I'm fine-tuning the GoogleNet network with Caffe to my own dataset. If I use IMAGE_DATA layers as input learning takes place. However, I need to switch to an HDF5 layer for further extensions that I require. When I use HDF5 layers no learning takes place.
I am using the exact same input images, and the labels match also. I have also checked to ensure that the data in .h5 files can be loaded correctly. It does, and Caffe is also able to find the number of examples I feed it as well as the correct number of classes (2).
This leads me to think that the issue lies in the transformations I am performing manually (since HDF5 layers do not perform any built-in transformations). The code for these is below. I do the following:
- Convert image from RGB to BGR
- Resize it to 256x256 so I can subtract the mean file from ImageNet (included in the Caffe library)
- Since the original GoogleNet prototxt does not divide by 255, I also do not (see here)
- I resize the image down to 224x224, which is the crop size required by GoogleNet
- I transpose the image as needed to satisfy CxHxW, as required by Caffe
- At the moment I am not performing data augmentation, which could be turned on if I let oversample=True.
Can anyone see anything wrong with this approach? Is data augmentation so critical that no learning would take place without it?
The HDF5 conversion code
IMG_RESHAPE = 224
IMG_UNCROPPED = 256
def resize_convert(img_names, path=None, oversample=False):
'''
Load images, set to BGR mode and transpose to CxHxW
and subtract the Imagenet mean. If oversample is True,
perform data augmentation.
Parameters:
---------
img_names (list): list of image names to be processed.
path (string): path to images.
oversample (bool): if True then data augmentation is performed
on each image, and 10 crops of size 224x224 are produced
from each image.
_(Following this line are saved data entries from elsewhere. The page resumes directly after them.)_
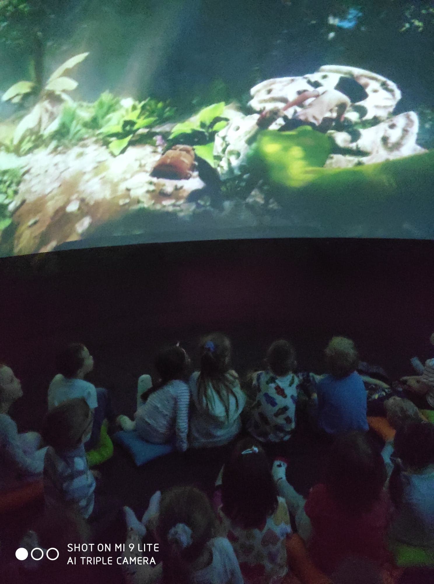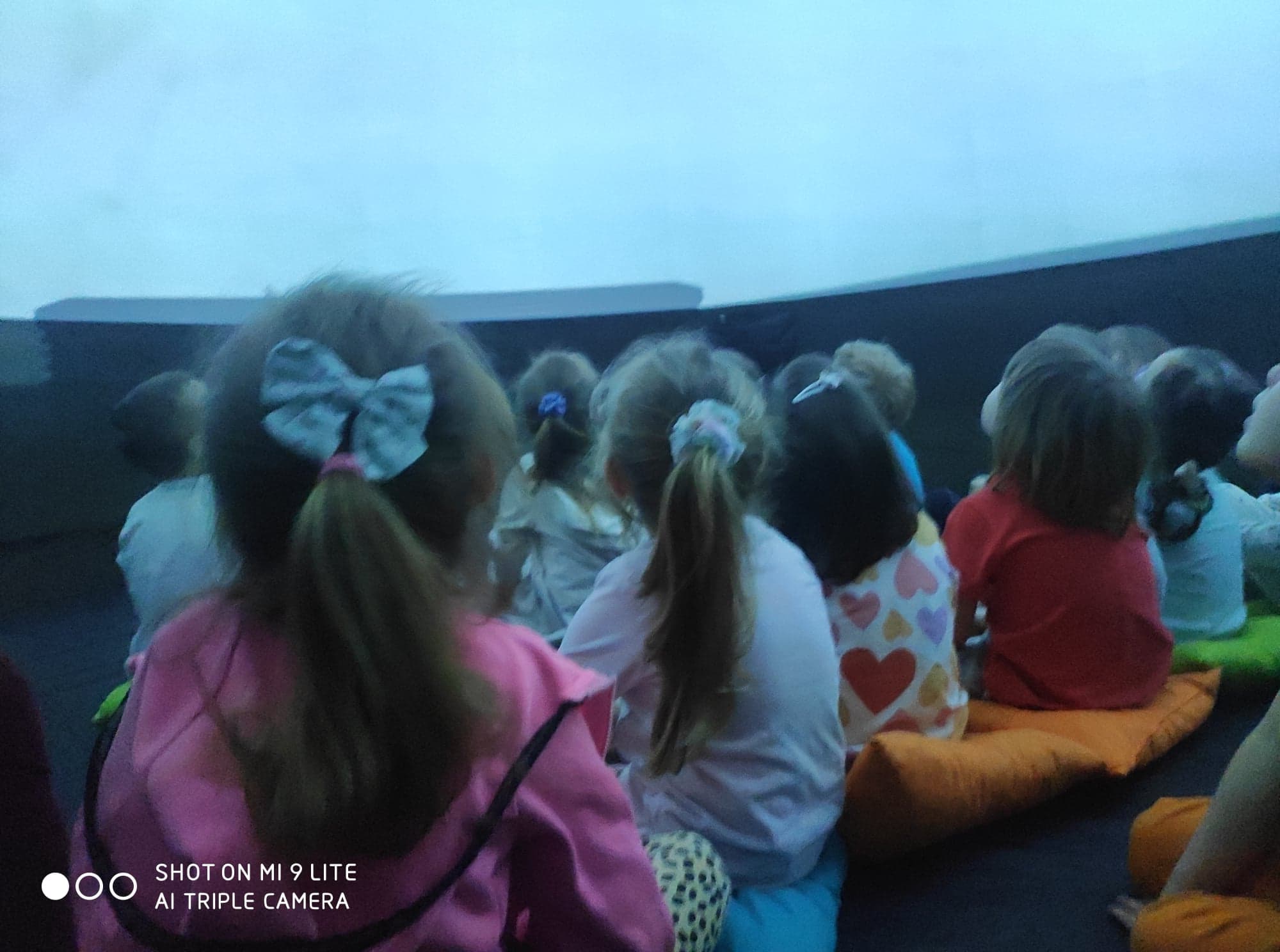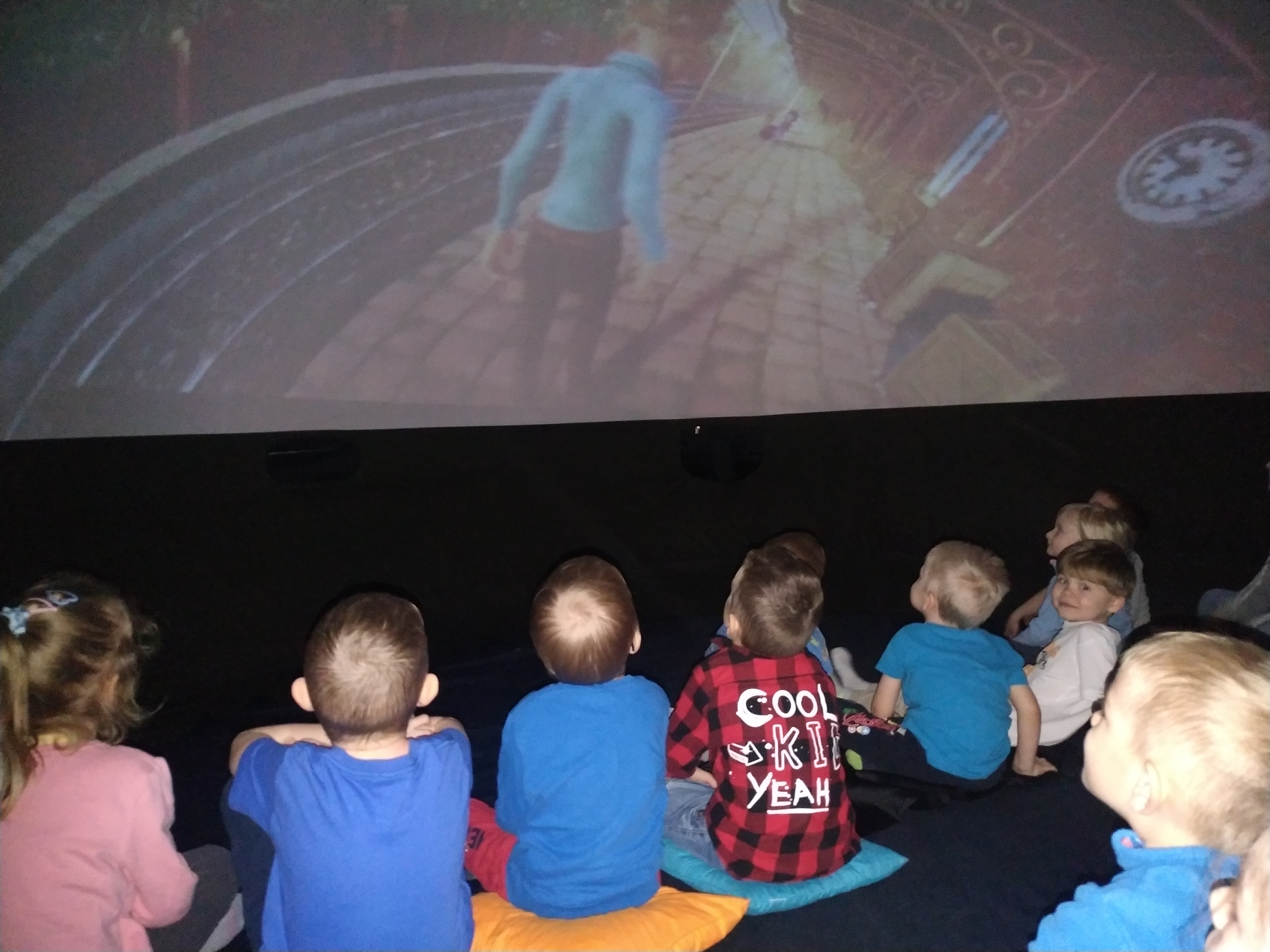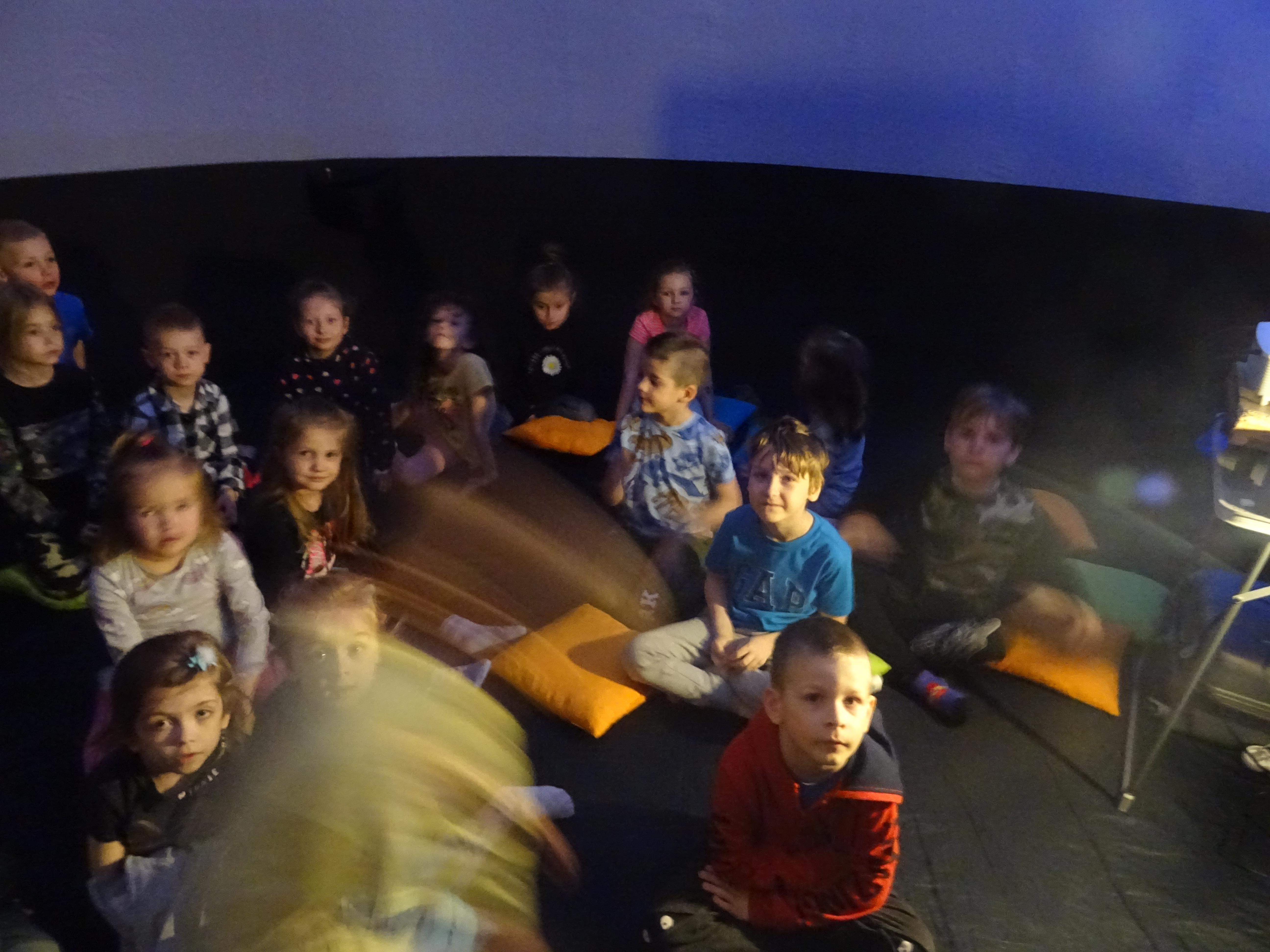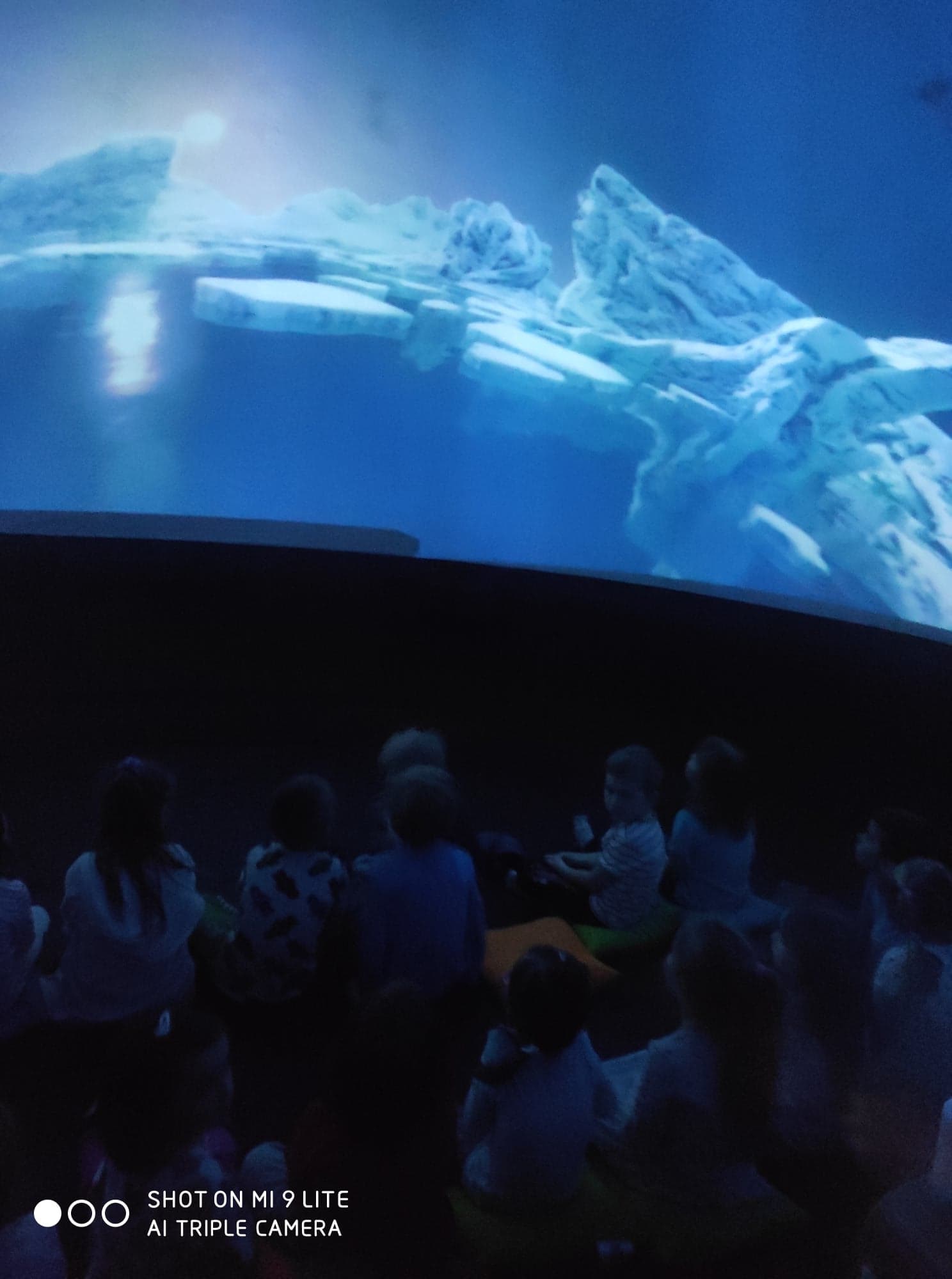 21.04.2022 r. przedszkolaki wzięły udział w niezwykłej lekcji astronomii. Był to seans w planetarium pt: „Zaczarowany globus“. Film opowiada historię małej Mii, która podczas wakacji u dziadka odkrywa na strychu tajemniczą machinę astronomiczną. Edek, Ekscentryczny wujek dziewczynki, podstępnie zmusza ją do wykorzystania sekretnych mocy urządzenia i zmiany pór roku na Ziemii. Bystra dziewczynka szybko orientuje się w potencjalnych konsekwencjach, jednak Edek nie chce odpuścić realizacji swojego niecnego planu. Historia opowiedziana w filmie pomaga dzieciom budować wiedzę przyrodniczą i pozwala im poznać fakty naukowe, m.in. takie jak to, że: Ziemia kręci się wokół własnej osi, a Słońce oświetla ją z jednej strony tworząc dzień i noc; rok jest podzielony na cztery pory roku, ale pogoda nie zawsze współgra z tym podziałem; zwierzęta i rośliny przystosowały się do zmian spowodowanych porami roku i nie mogą bez nich istnieć. Z pewnością tak przekazane dzieciom informacje umożliwią im budowanie wiedzy o otaczającym je świecie.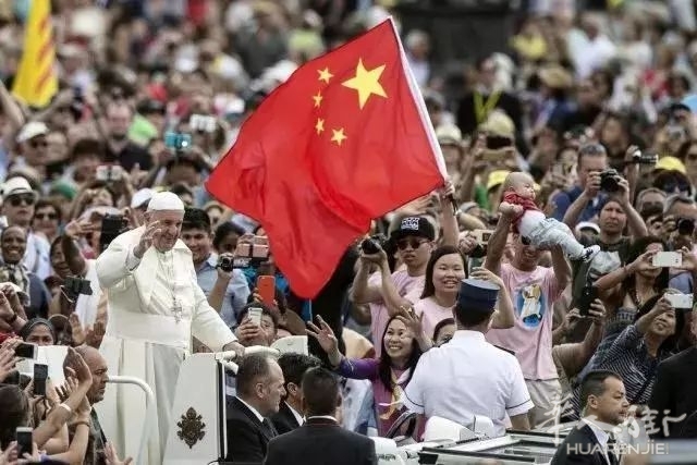 ▲2016年6月,圣彼得广场上,有人在教皇方济各身畔挥舞着中国国旗(图片来源:《纽约时报》网站)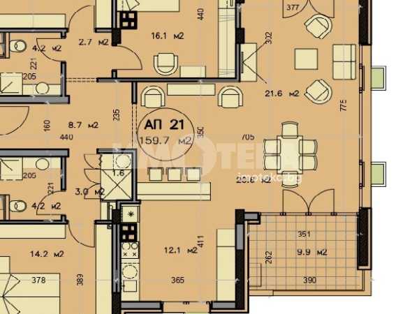 Просторен и функционален апартамент с отлично разпределение и много естествена светлина. Състои се от широка дневна с кухненски бокс и трапезария, с излаз към голяма тераса, подходяща за отдих и озеленяване.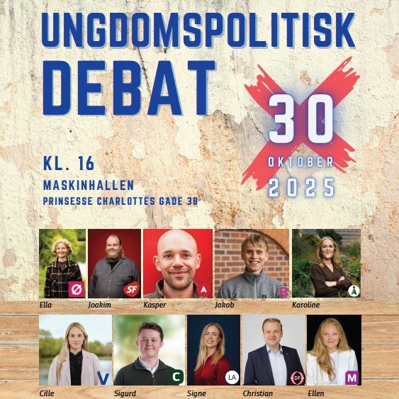 Kom til tværpolitisk debat ifm. Kommunalvalget i København til november. Mød unge kandidater fra: Enhedslisten, SF, Socialdemokratiet, Radikale Venstre, Venstre, Konservative, Liberal Alliance, Dansk Folkeparti, Moderaterne og Alternativet.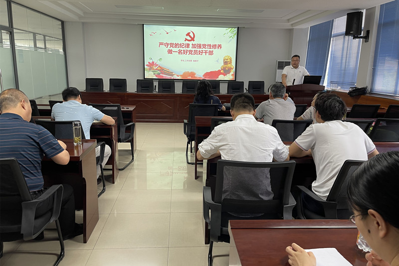 第一部分,杨晓平书记以《严守党的纪律加强党性修养做一名好党员好干部》为主题,为全体党员讲授党的纪律和廉政教育专题党课,围绕认清重大意义—坚定不移坚守党的纪律,加强党性修养—切实掌握党的纪律,坚持自省自勉—自筑违规违纪底线等内容,教育党员,特别是党员干部和重点岗位的工作人员,要加强党的纪律教育,要认识到党的纪律是党的政治建设的奠基石,是党内团结统一的粘合剂,是党员腐化变质的防火墙,具有极其重要的意义。随后,对全体党员提出三点要求:一是提高自我要求,注重自律自省,二是要注重理论武装,增强法纪意识,三是主动接受监督,保持政治本色,做一名廉洁自律的合格党员。
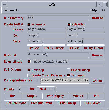 Although there are a number of options for LVS, the default options will be enough for basic operations, select Run to start the comparison. (Note: The Library name in the figure shows as LogiGates but we would use our library “ece484Lib”)
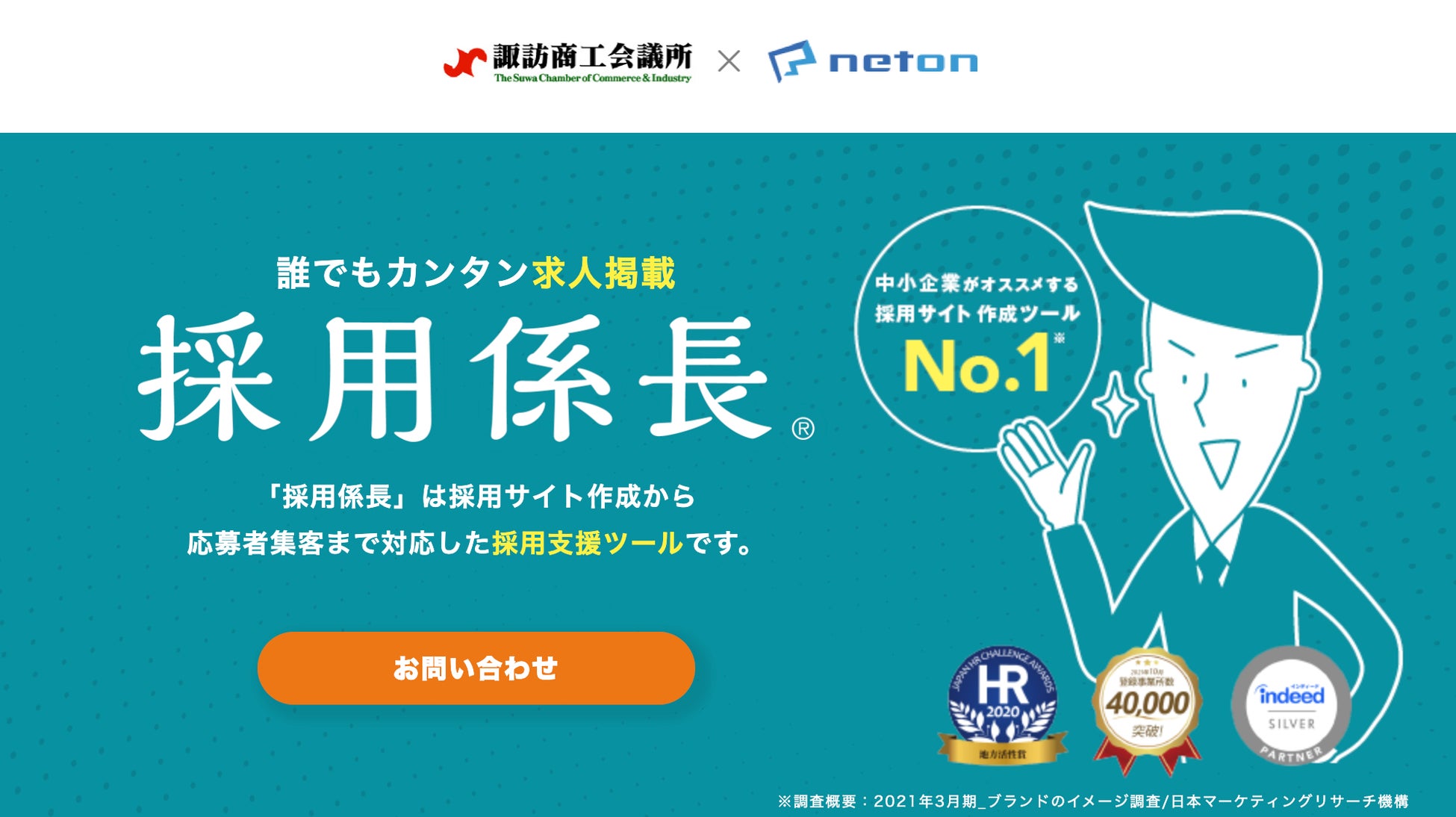 採用業務クラウド「採用係長」を開発・提供する株式会社ネットオン(本社:大阪市北区、代表取締役CEO:木嶋 諭、以下ネットオン)と諏訪商工会議所(長野県諏訪市)、諏訪市労務対策協議会(長野県諏訪市)は、採用課題を抱える長野県諏訪市内の中小企業の採用支援を目的として、採用係長利用料の一部を補助する制度を開始いたします。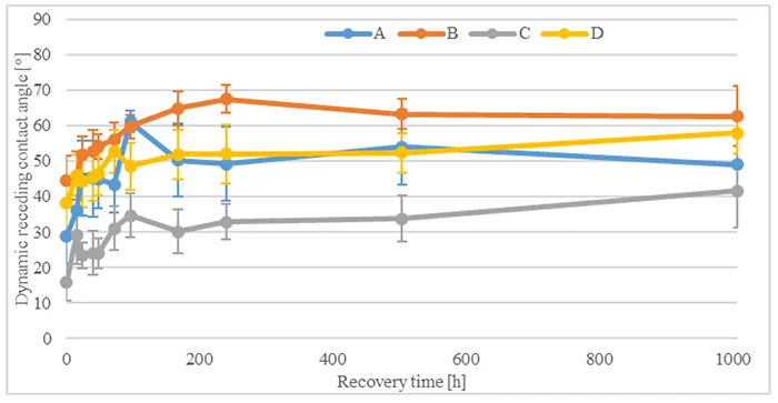 Over time, it is expected that dynamic receding contact angle will recover close to its initial state. Fig. 7 shows the increase in dynamic receding contact angle over the entire recovery period after 1008h of immersion in acid. As can be seen, receding angles recover to higher than 40° for all materials. Dynamics of hydrophobicity recovery observed for shorter acid immersion times show similar behaviour.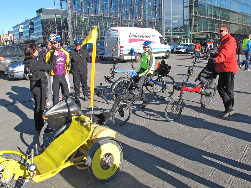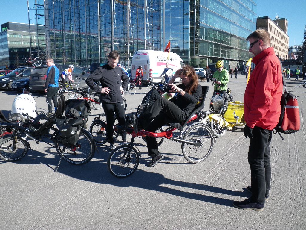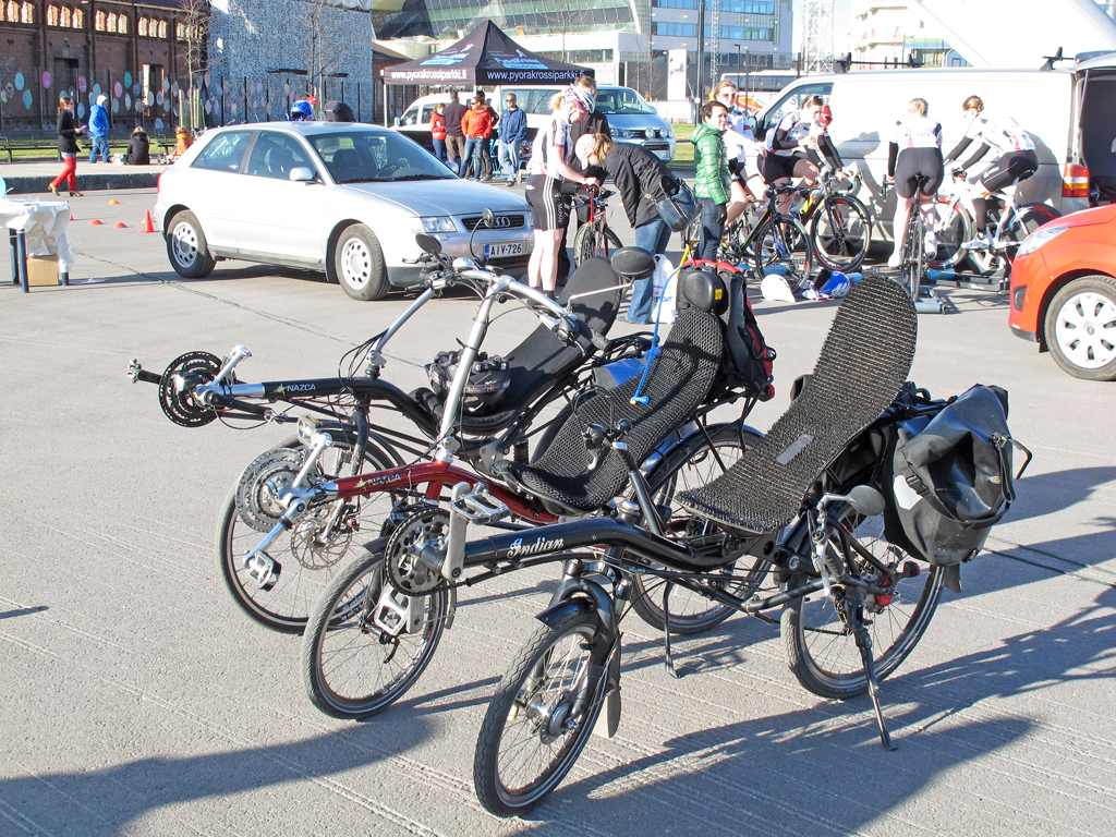 Tosiaan päivän valikoituminen ei olisi voinut mennä paremmin, sillä sää suosi toden teolla ja paikalla oli varmasti maksimimäärä pyöräilystä kiinnostuneita, koska samalla musiikkitalon takapihalla oli naisten pyöräilykilpailut. Muutamia nojapyöräilijöitä kävi joku täti mikin kanssa haastattelemassa. Hyviä puheenvuoroja kaikki. :)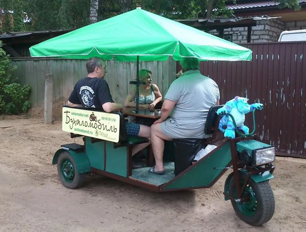 Rusiyanın Moskva vilayətinin Lyubertsı şəhərində ilk "araq içmək" elektromobili düzəldilib. Milli.Az bildirir ki, bu barədə Oxu.Az "Avito" saytına istinadla xəbər verir. Onu artıq 270 min rubla (təqribən 5 600 manat) satıblar. Gəzinti məqsədilə hazırlanan kustar elektromobildə 6-7 nəfər əyləşə bilər. Sürəti isə saatda 10-15 kilometrdir.

If False, then a single 224x224 is produced.
'''
path = path if path is not None else ''
if oversample == False:
all_imgs = np.empty((len(img_names), 3, IMG_RESHAPE, IMG_RESHAPE), dtype='float32')
else:
all_imgs = np.empty((len(img_names), 3, IMG_UNCROPPED, IMG_UNCROPPED), dtype='float32')
#load the imagenet mean
mean_val = np.load('/path/to/imagenet/ilsvrc_2012_mean.npy')
for i, img_name in enumerate(img_names):
img = ndimage.imread(path+img_name, mode='RGB') # Read as HxWxC
#subtract the mean of Imagenet
#First, resize to 256 so we can subtract the mean of dims 256x256
img = img[...,::-1] #Convert RGB TO BGR
img = caffe.io.resize_image(img, (IMG_UNCROPPED, IMG_UNCROPPED), interp_order=1)
img = np.transpose(img, (2, 0, 1)) #HxWxC => CxHxW
#Since mean is given in Caffe channel order: 3xWxH
#Assume it also is given in BGR order
img = img - mean_val
#set to 0-1 range => I don't think googleNet requires this
#I tried both and it didn't make a difference
#img = img/255
#resize images down since GoogleNet accepts 224x224 crops
if oversample == False:
img = np.transpose(img, (1,2,0)) # CxHxW => HxWxC
img = caffe.io.resize_image(img, (IMG_RESHAPE, IMG_RESHAPE), interp_order=1)
img = np.transpose(img, (2,0,1)) #convert to CxHxW for Caffe
all_imgs[i, :, :, :] = img
#oversampling requires HxWxC order
if oversample:
all_imgs = np.transpose(all_imgs, (0, 3, 1, 2))
all_imgs = caffe.io.oversample(all_imgs, (IMG_RESHAPE, IMG_RESHAPE))
all_imgs = np.transpose(all_imgs, (0,2,3,1)) #convert to CxHxW for Caffe
return all_imgs
Relevant differences between IMAGE_DATA and HDF5 prototxt files
name: "GoogleNet"
layers {
name: "data"
type: HDF5_DATA
top: "data"
top: "label"
hdf5_data_param {
source: "/path/to/train_list.txt"
batch_size: 32
}
include: { phase: TRAIN }
}
layers {
name: "data"
type: HDF5_DATA
top: "data"
top: "label"
hdf5_data_param {
source: "/path/to/valid_list.txt"
batch_size:10
}
include: { phase: TEST }
}
Update
When I say no learning is taking place I mean that my training loss is not going down consistently when using HDF5 data compared to the IMG_Data. In the images below, the first plot is plot the change in the training loss for the IMG_DATA network, and the other is the HDF5 data network.
One possibility that I am considering is that the network is overfitting to each of the .h5 that I am feeding it. At the moment I am using data augmentation, but all of the augmented examples are stored into a single .h5 file, along with other examples. However, because all of the augmented versions of a single input image are all contained within the same .h5 file, I think this could cause the network to overfit to that specific .h5 file. However, I am not sure whether this is what the second plot suggests.